Optima’s safety frame benefits from the extensive use of high-strength steels, stiffening the bodywork while reducing the overall weight of the vehicle to about 1.6 tons, combined with an extensive set of electronic drive assist systems controlled by sensors, cameras as well as short- and long-range radars. No wonder Optima gained, first Kia ever, 5 Euro NCAP stars in collision tests.

After all, the quality of the project is a guarantee of strength and reliability as evidenced by the 7 years or 150,000 kilometres warranty applied, enough to accompany the driver throughout the vehicle’s life cycle - or at least a large part of it.

 

Diesel, petrol… and hybrid

The 141 hp CRDI 1.7-litre engine takes the lion’s share, the only Diesel option currently available in this range. The revamped four-cylinder direct-injection engine has a maximum power of 141 hp, with 34.7 kgm of torque available between 1,750 and 2,500 rpm, while the average consumption is declared at around 23.8 km/litre, combined with a classic six-speed manual transmission or a seven-speed automatic with sequential dual-clutch DCT (22.7 km/litre average fuel consumption in this configuration), fast clutch engagement and great driving fun.

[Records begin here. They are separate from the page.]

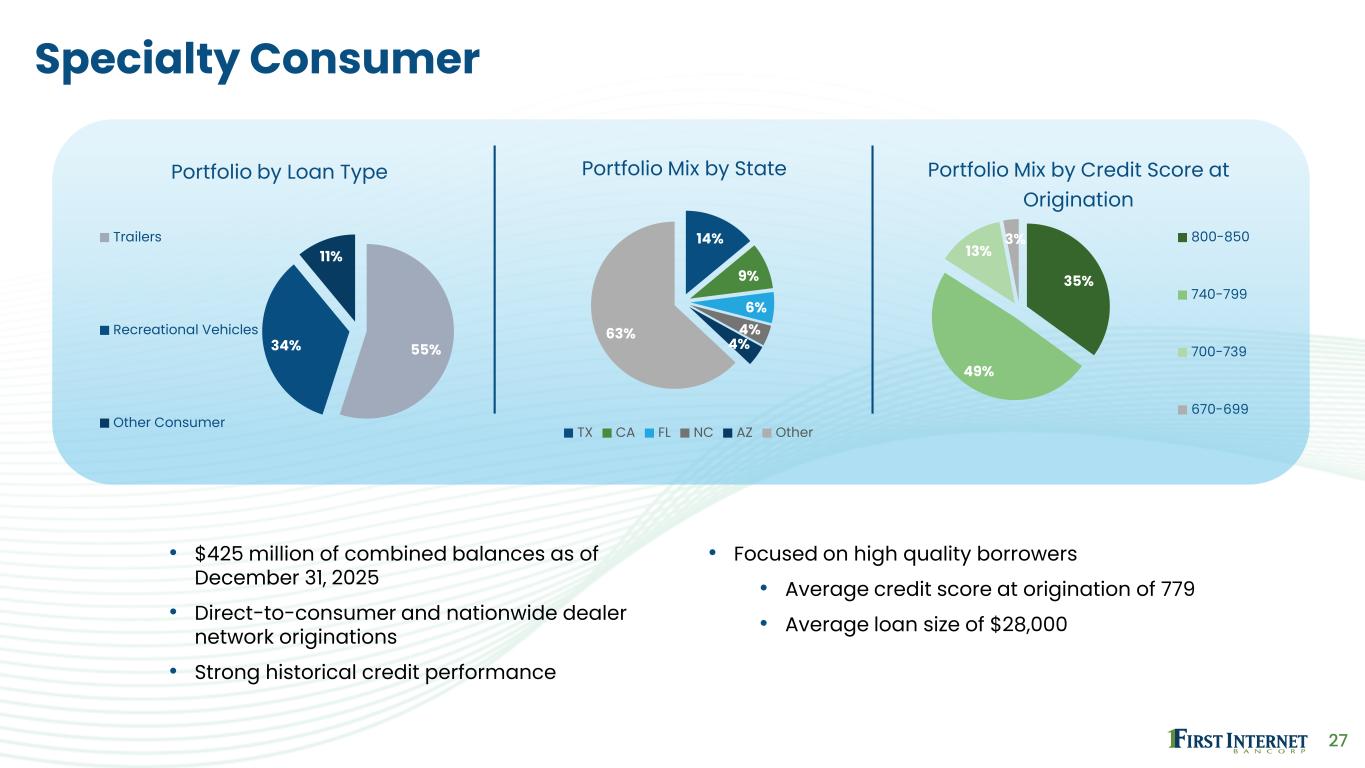 26 Single Tenant Lease Financing 35% 10% 9% 9% 5% 32% Portfolio Mix by Major Vertical Auto-Related Stores Quick Serve Restaurants Convenience Stores/Filling Stations Full Service Restaurants Medical Other 17% 14% 6% 5% 5% 53% Portfolio Mix by State Florida Texas Arkansas Georgia North Carolina Other 6% 5% 5% 4% 4% 76% Portfolio Mix by Major Tenant Cobblestone Auto Spa 7-Eleven Tidal Wave Auto Spa El Car Wash Whistle Express Car Wash Other • $223 million of balances as of December 31, 2025 • Long-term financing of single tenant properties occupied by historically strong national and regional tenants • Weighted-average portfolio LTV of 52% • Average loan size of $1.8 million • Strong historical credit performance • No delinquencies in this portfolio • Completed sale of $850 million of loans to Blackstone in 2025
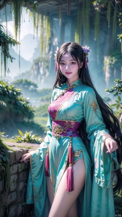 (Masterpiece, best quality: 1.5), surreal, 1 girl, long hair, straight hair, portrait, mysterious forest, sweet smiling girl, exquisitely decorated cheongsam, medium chest, exquisite and realistic details, magical tower background, mysterious fantasy world, colorful and colorful
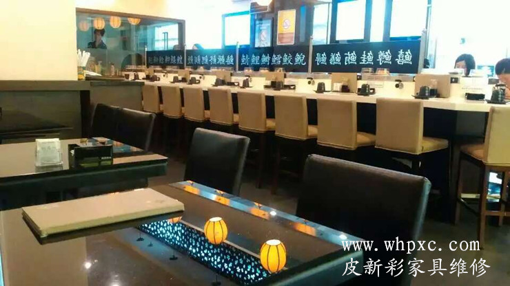 禾祿壽司日本料理餐廳,每家分店的椅子每年都由我們換面一次,保證了家具品質(zhì),換皮面比買新的要便宜80%,皮新彩餐廳家具維修熱線:13554633331
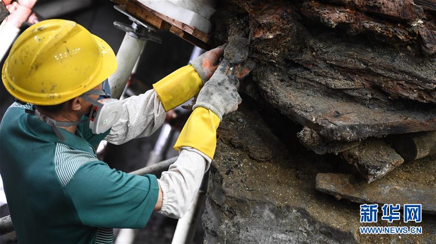 在廣東陽江海陵島,工作人員在“南海I號”發(fā)掘現(xiàn)場進行清理工作(5月12日攝)。新華社記者鄧華攝
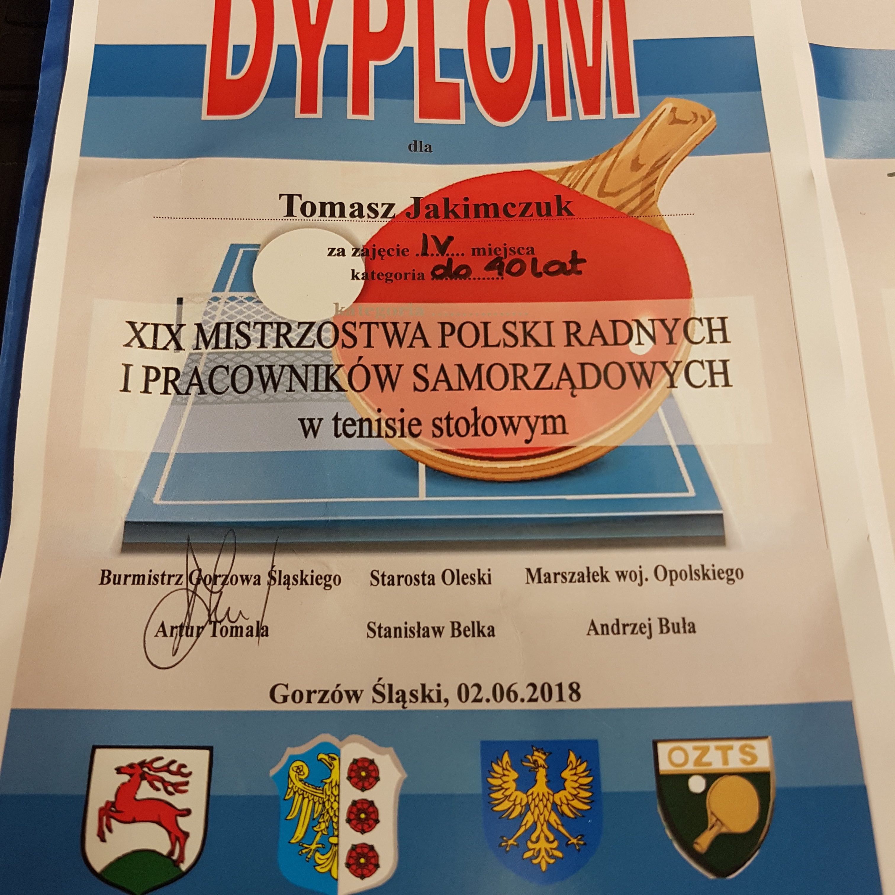 Kolejny wyjazd i kolejny sukces. Nasz kolega Tomasz Jakimczuk udał się 2 czerwca 2018 roku do Gorzowa Śląskiego. Wziął tam udział w XIX Mistrzostwach Polski Radnych i Pracowników Samorządowych w Tenisie Stołowym, zajmując IV miejsce w kategorii do 40 lat. Serdecznie gratulujemy i czekamy na więcej!
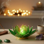 Portacandela a forma di Fiore di Loto, realizzato artigianalmente in conchiglia Capiz e tinto in una  tonalità di verde con bordi dorati. Quando illuminato, crea un'atmosfera di pace e armonia cromatica.
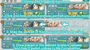 It is possible to click and drag girls around to adjust their position in the fleet. To do this, click on the girl's portrait and drag her to the desired position. She will swap places with the girl in that position.
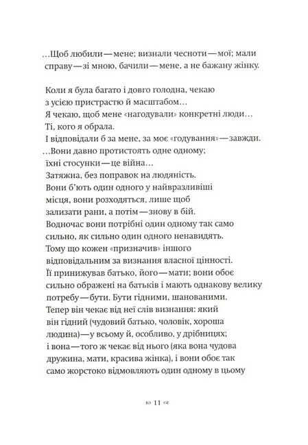 Людина не хоче бути жертвою. Вона хоче бути творцем, вільно та усвідомлено проживати власне життя. Та, на жаль, ми пристосовуємося до тієї атмосфери, в якій вимушені жити. І ми мусимо ставати жертвами, бо нас обсмикують, критикують, звинувачують і соромлять. Нас контролюють і не дають пережити власний досвід, на який ми могли б спиратися. Досвід і його значення сильно недооцінені. Ми не знаємо себе, справжніх, і не приймаємо себе. Але я вірю, читачу, що і ти зможеш, читаючи, потроху відкривати себе, відкриваючи свої справжні опори.
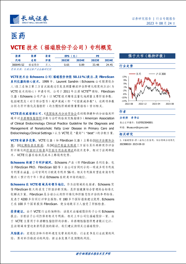【长城证券】【20230824】医药行业专题报告:VCTE技术(福瑞股份子公司)专利概览-15页
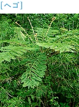 ヘゴ科の常緑の木生シダ。高さ約一〇メートル、直径約三〇センチに達する。幹の頂に、長さ約二メートルの羽状に裂けている葉が数枚、傘状に広がってつく。日本では九州・沖縄・小笠原などに分布。幹を装飾品、ランなど着生植物用の園芸材に用いる。
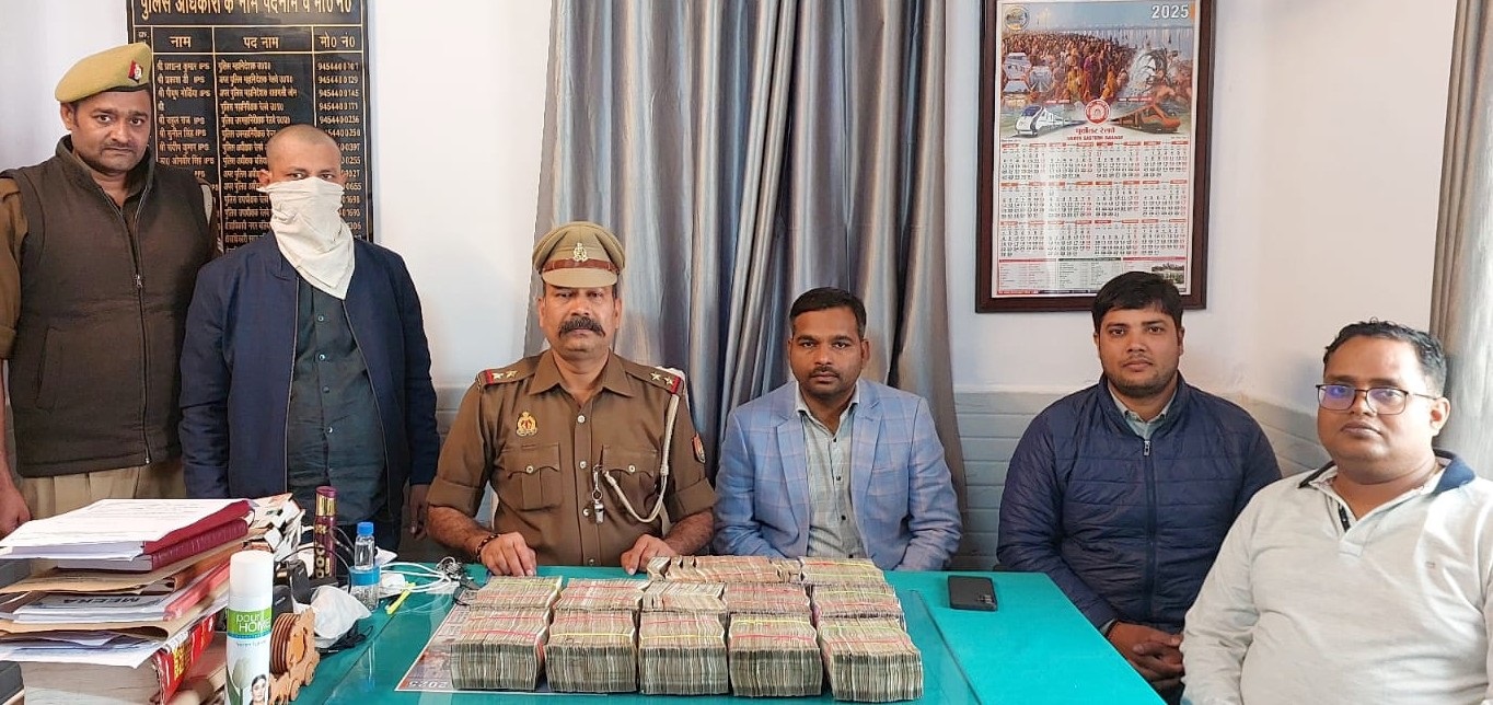 बलिया रेलवे स्टेशन पर तस्कर से बरामद 45 लाख रुपए के साथ जीआरपी और आयकर की टीम।
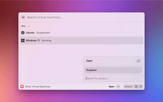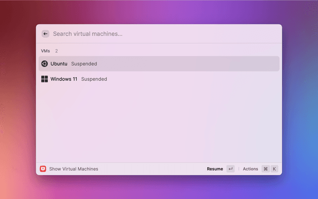 List virtual machines in Parallels Desktop. Open, start, resume, and suspend virtual machines.
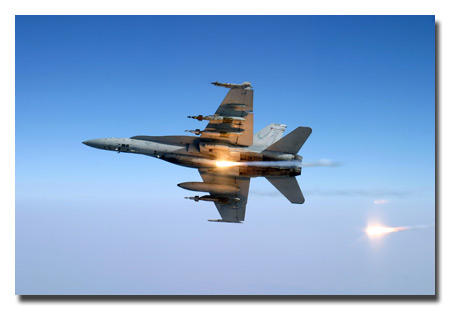 A F/A-18C assigned to VFA-136 tests its flare countermeasure system before heading into Afghanistan on a Close Air Support mission. U.S. Navy by Lt. Peter Scheu.

At one stage Kia offered also a powerful 2-litre direct injection turbocharged petrol unit, specifically designed to equip the Sportswagon GT version, managed by a sequential 6-speed automatic transmission capable of propelling the Optima, thanks to its 245 hp of power, to a top speed of 232 km/h, but that option is no longer available. You probably will not see many entering a workshop, as unfortunately it did not enjoy great commercial success in our market.

Finally, aimed at maximum respect for the environment, the range includes a plug-in PHEV hybrid engine, the combination of a 156 hp 2-litre petrol engine and a 50 kW (68 hp) electric motor, for a total combined output of 205 hp, and a rather generous torque of 38.2 kgm, and a maximum driving range of 62.5 km/litre with both units in action, or 54 kilometres - in electric mode only. The 9.8 kWh lithium-ion battery pack can be recharged either from fast-recharging stations or from a standard domestic socket. Recharging time is estimated around 3 to 6 hours respectively.

Besides sophisticated technology and cutting-edge mechanical layout, the high-torsion strength Optima platform boasts Independent, Spring McPherson, with stabilizer at the front, and a double wishbone layout at the back. Though not the best car to show off with, Kia’s Optima proves easy to drive thanks to a wide footprint, courtesy of 215/55 and 235/45 tires respectively mounted on 17-inch and 18-inch wheels, combining adequate performance and comfort. Only on the gritty GT version can boast larger 245/40 R19 tires, not available on the rest of the range.

In conclusion, as expected, Kia’s premium model can rely on several ADAS systems including an Advanced Smart Cruise Control, entrusted with keeping a cruising speed and safety distance, Autonomous Emergency Breaking, vital in the event of a potential collision, a Lane Keeping Assist System, preventing the vehicle from leaving its lane, and a Rear Cross Traffic Alert, which signals the arrival of a vehicle. In addition, the AEB system has both short and long range radars, recognizing obstacles from a distance faster than traditional systems.